The removal of both VAT relief on school fees and potentially business rate relief have added to the growing financial challenges facing many private and independent schools.  In response, their leadership teams may look to how their estate can form part of the solution, either to save or raise capital.
Independent and private schools often have complex and multi-faceted estates. With change underway in the sector, now’s the time to take stock.
The importance of examining the entire estate
It’s tempting to immediately turn to disposing of assets which are considered ‘redundant’ to raise funds, but before any decisions are taken, it’s crucial not to look at your buildings in a piecemeal fashion, but make decisions which preserve the integrity of your core school estate and prevent future regrets.
To do this, we advise a strategic review of your estate, taking a helicopter view of its condition and how it operates, including everything from classrooms, administrative buildings, staff and boarding accommodation, sport facilities and any other assets owned or leased by the school. This doesn’t need to be complicated exercise, but focused on understanding your estate by asking:
- How are property assets utilised? Are they being used efficiently or lying empty, or under-occupied for long periods?
- How do they function? How well do they support their intended user/s, or are they being used for functions beyond what was envisaged, or as a stop-gap as you don’t have appropriate space elsewhere?
Once you’ve asked these questions, you’ll soon be able to identify where the main challenges are, such as buildings that are in poor condition, underutilised, or unsuitable for modern day users. But this exercise will also unveil opportunities.
 
Setting priorities and spotting opportunities
Several of the main challenges identified are likely to be part of your core school estate, and highlight where investment is required to continue to provide the exceptional learning experience your students, parents and staff expect. These are your priorities for future investment in your estate, and any decisions should be assessed by their ability to meet these priorities.
Secondly, you should now also have identified where the opportunities lie to consolidate activities to generate efficiencies, and spot any surplus buildings or land which could be used for alternative uses, or potentially marketed for sale. In terms of the former, the options for generating extra income from activities beyond education can be lucrative, including events or being a filming location, and can be a great way to showcase and celebrate the strengths of your estate, and build your school’s brand.
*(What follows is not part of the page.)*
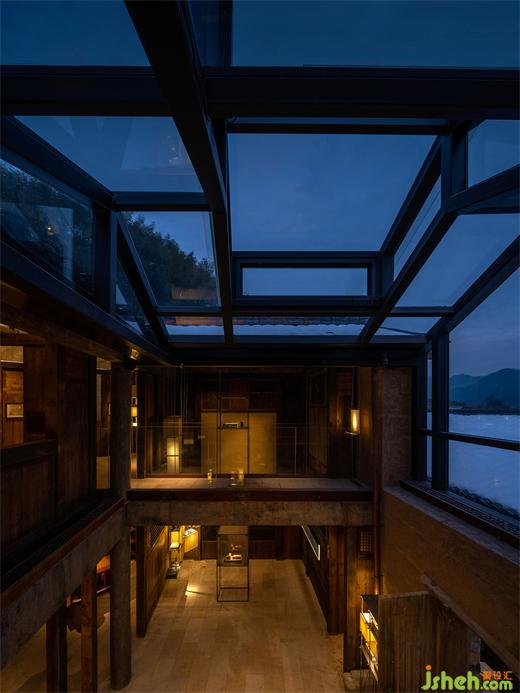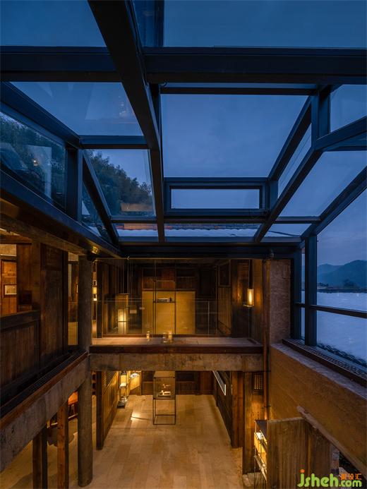 羅振華與周周商量用空間來打造一個公共空間去展示村民的生產(chǎn)與生活的場景:博物館設(shè)計在混凝土結(jié)構(gòu)基礎(chǔ)上置入靈活的輕型鋼結(jié)構(gòu)并與木構(gòu)形式相一致,在大堂中實現(xiàn)了“天光中庭”。
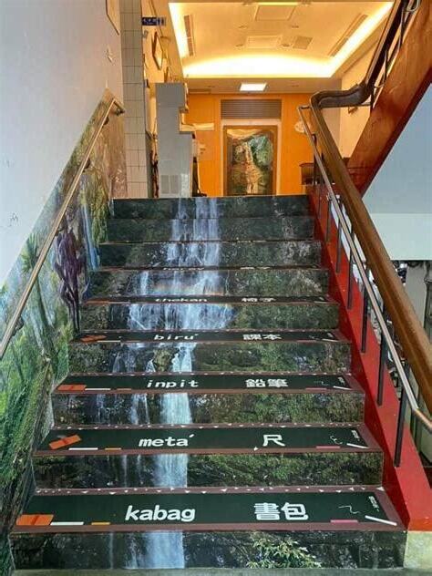 在樓梯上添加圖案和紋理也是一種常見的樓梯美化方式。可以在樓梯的踏步或樓梯扶手上添加花紋或圖案,使樓梯看起來更加有趣和獨特。

Before venturing down this route, however, you need to understand how viable these options are, and ensure that any changes or uses don’t have unforeseen consequences in affecting your business rates liability or your charitable status.  
Doing your homework will bring long-term gains
It may sound like a challenging exercise, but ultimately undertaking a strategic review to understand the workings of your whole estate and establish your investment priorities will put your school in a better and more secure position for the future, enabling more informed decision-making.
For example, when exploring the release of an asset deemed surplus, you’ll do it in the knowledge it won’t impact your main operations, and can evidence with your investment priorities where the capital raised can be reinvested in your estate.
It’ll also be easier to achieve the support of trustees, governors, and parents when making decisions as you’ve undertaken a comprehensive analysis of all the options and their implications. This ensures no decision is taken in isolation and your core school estate remains protected.